Source: MacroMicro.me

Taking these diverse forms of analysis in totality, the outlook for Bitcoin in 2026 is mixed: While valuations, money supply, and ETF purchases hint at upside potential, a shift in monetary policy, the behavior of long-term holders, and the 4-year cycle all point to weakness over the coming quarter. Accordingly, it makes sense to defer to the technical outlook (below) and watch the key levels for near-term setups, rather than blindly buying as readers might during a bull phase.

Of course, the catalysts we highlight in this report may not play out as expected – and to some extent, they may already be priced in, so readers should always exercise caution when trading Bitcoin and other cryptoassets. As ever, it will be critical to monitor a broad swath of macroeconomic and crypto-specific metrics as the year develops.

Bitcoin Technical Analysis – BTC/USD Weekly Chart

Bitcoin Weekly Chart

Source: TradingView, StoneX

Looking at the longer-term chart, Bitcoin remains in a downtrend off the October 2025 high. Since then, the cryptocurrency has formed a stairstep pattern lower, with occasional sideways consolidation ranges along the way, including the current one in the $60-$74K range as we go to press.

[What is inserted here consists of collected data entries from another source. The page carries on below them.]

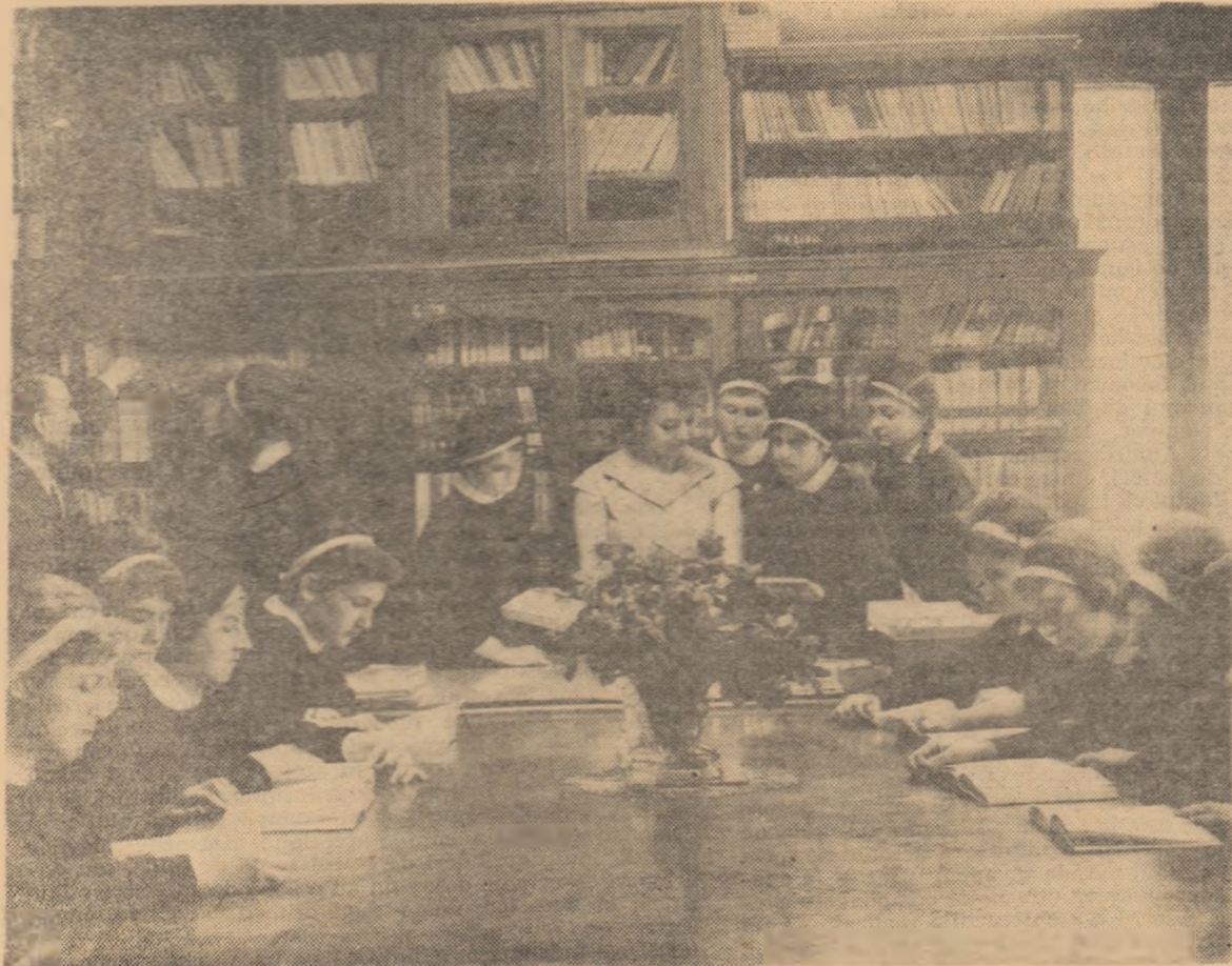
În biblioteca Școlii N. Crețulescu din București

Tot la 10 noiembrie vor avea loc concursuri de admitere la cursurile fără frecvență de la institutele pedagogice de învățători cu durata de 2 ani din următoarele localități: Cimpulung Muscel, Arad, Cluj, Galați, Iași, Sighet și Suceava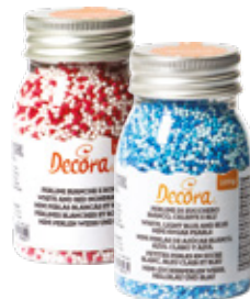
Decorazioni in Zucchero Sugar Decorations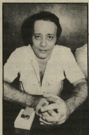
רחמים אהרונים געגועים רווי-נוסטלגיה

בהחלט שירש הבאבא-סאלי מנתיבות, ברוך אבוחצירא, ישוב אליה בקרוב. ומירה היא אשה מאמינה: לא לחינם היא מחזיקה במכוניתה גם את תפילת הדרך וגם את תמונתו של הבאבא סאלי, אביו הגדול של ברוך אבוחצירא.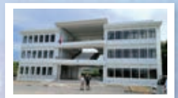
▲ 環球宣愛拜林中學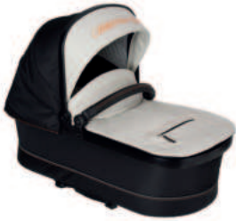
Falttasche Premium 4078-07-851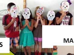
PROGRAMA DE MAESTRO BI-NACIONAL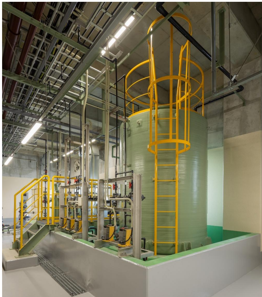
薬品貯槽（令和8年3月撮影）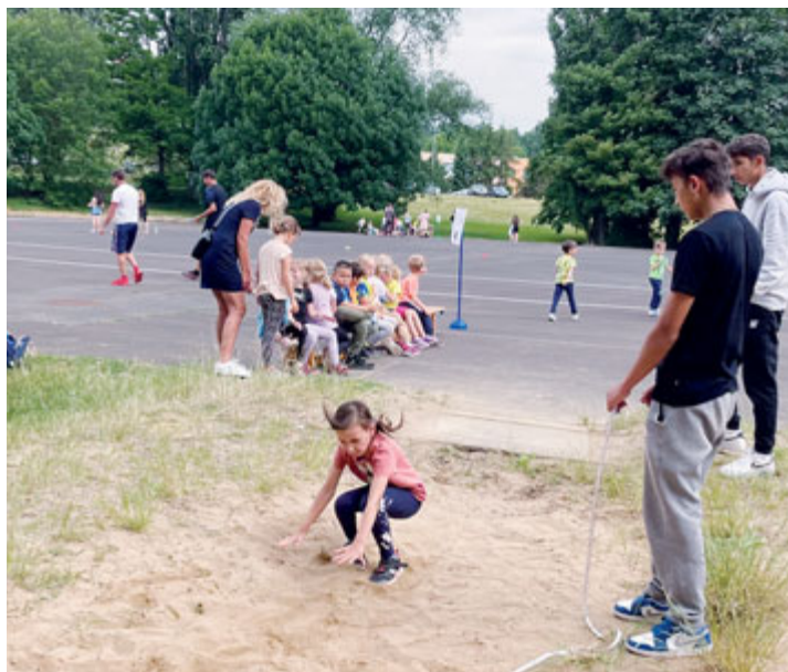
Výkony předškoláků pomáhali měřit žáci třídy 9.A

Před koncem školního roku se na ZŠ Petléřská sešli závodníci ze všech kláštereckých školek a přípravné třídy ZŠ Petléřská, aby zápolili v disciplínách Sazka Olympijského víceboje. Škola připravila pro děti sportovní zápolení v osmi disciplínách: běh na 50 m, člunkový běh 4x 10 m, hod míčkem, hod vzad, jednoskok, skok daleký, dřepy a poskoky snožmo do stran.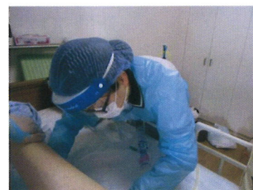
訪問看護ステーションおおみち (大阪府)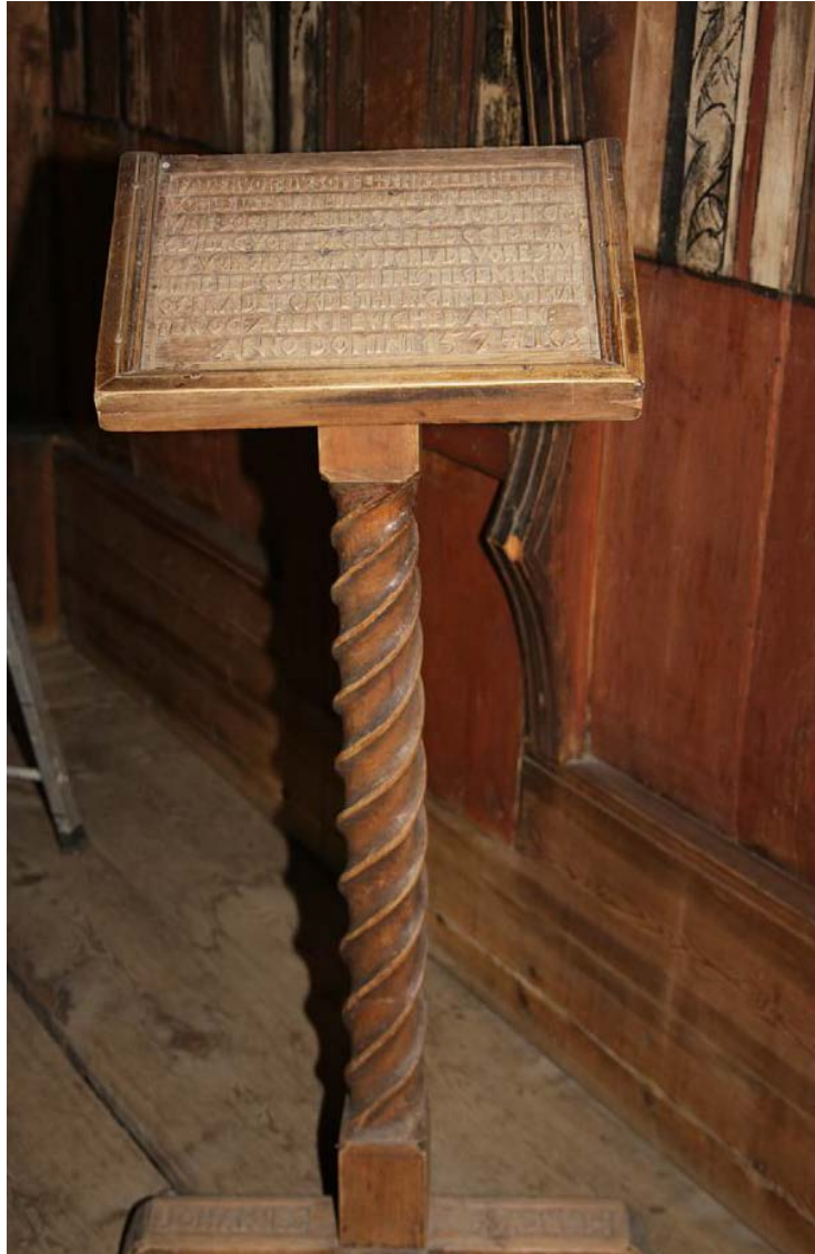
Figur 3. Leseput fra 1574.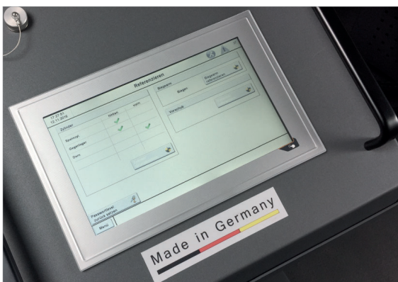
Display, 10" touch screen

For now, there’s no evidence that the current downtrend is ending yet, with the next support zone starting in the mid-$50K range if the year-to-date lows are broken. This would represent a roughly -60% from the peak, aligning with the progressively smaller bear markets as the asset class has matured across cycles (-93%, -86%, -84%, -78% in 2011, 2014, 2018, and 2022 respectively.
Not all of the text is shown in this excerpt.